US 12,229,189 B2
Continuous builds of derived datasets in response to other dataset updates
Daniel Deutsch, New York, NY (US); Kyle Solan, San Francisco, CA (US); Thomas Mathew, New York, NY (US); and Vasil Vasilev, Cambridge, MA (US)
Assigned to Palantir Technologies Inc., Denver, CO (US)
Filed by Palantir Technologies Inc., Palo Alto, CA (US)
Filed on May 26, 2022, as Appl. No. 17/826,099.
Application 17/826,099 is a continuation of application No. 15/963,038, filed on Apr. 25, 2018, granted, now 11,379,525.
Claims priority of provisional application 62/589,856, filed on Nov. 22, 2017.
Prior Publication US 2022/0284057 A1, Sep. 8, 2022
This patent is subject to a terminal disclaimer.
Int. Cl. G06F 16/901 (2019.01); G06F 16/23 (2019.01); G06F 16/27 (2019.01)

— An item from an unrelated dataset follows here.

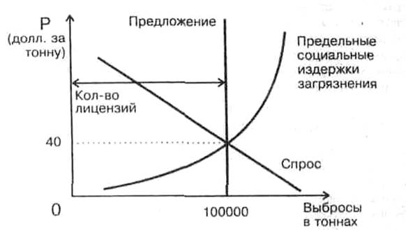 Такой рынок существует на основе установленных предельных объемов загрязнения, которая принимает форму абсолютно неэластичного предложения сброса отходов. На графике равновесие спроса и предложения достигается при условии, что предельные затраты на снижение уровня загрязнения окружающей среды одинаковы для всех предприятий. Но на практике предельные издержки на разных предприятиях не одинаковы, что и дает возможность торговли правами на загрязнение. Собственно рынок прав на загрязнение сводится к определению цены прав на загрязнение в зависимости от соотношения спроса и предложения. Как показали исследования, в краткосрочном аспекте как спрос, так и предложение малоэластичны по цене, а в долгосрочном – наоборот.

CPC G06F 16/9024 (2019.01) [G06F 16/2379 (2019.01); G06F 16/27 (2019.01)] 18 Claims
OG exemplary drawing
 
1. A method comprising:
creating and storing a dependency graph in memory, based on which a data pipeline is maintained,
the dependency graph representing at least one derived dataset and one or more raw datasets or intermediate derived datasets on which the at least one derived dataset depends;
reading configuration data specifying one or more periods for one or more datasets in the dependency graph;
detecting, at an unscheduled time, a first update to a first dataset among the one or more raw datasets or intermediate derived datasets on which the at least one derived dataset depends;
determining, in response to the first update, that a current time is within a first period of the one or more periods from a fixed time of a day or a previous build of a first intermediate derived dataset occurred earlier than the current time less a second period of the one or more periods;
initiating, in response to the determining, at or near the current time, a first build of the first intermediate derived dataset that depends on the first dataset;
detecting that a frequency of updates to a dataset on which the first intermediate derived dataset depends exceeds a threshold;
in response to the detecting of the threshold being exceeded, updating the configuration data to revise the first period or the second period;
asynchronously detecting a second update to a second dataset among the one or more raw datasets or intermediate derived datasets on which the at least one derived dataset depends;
initiating, in response to the second update, a second build of a second intermediate derived dataset that depends on the second dataset without waiting for the first update to propagate through the dependency graph;
detecting and initiating continuously as other updates to other datasets are received, wherein the method is performed using one or more processors.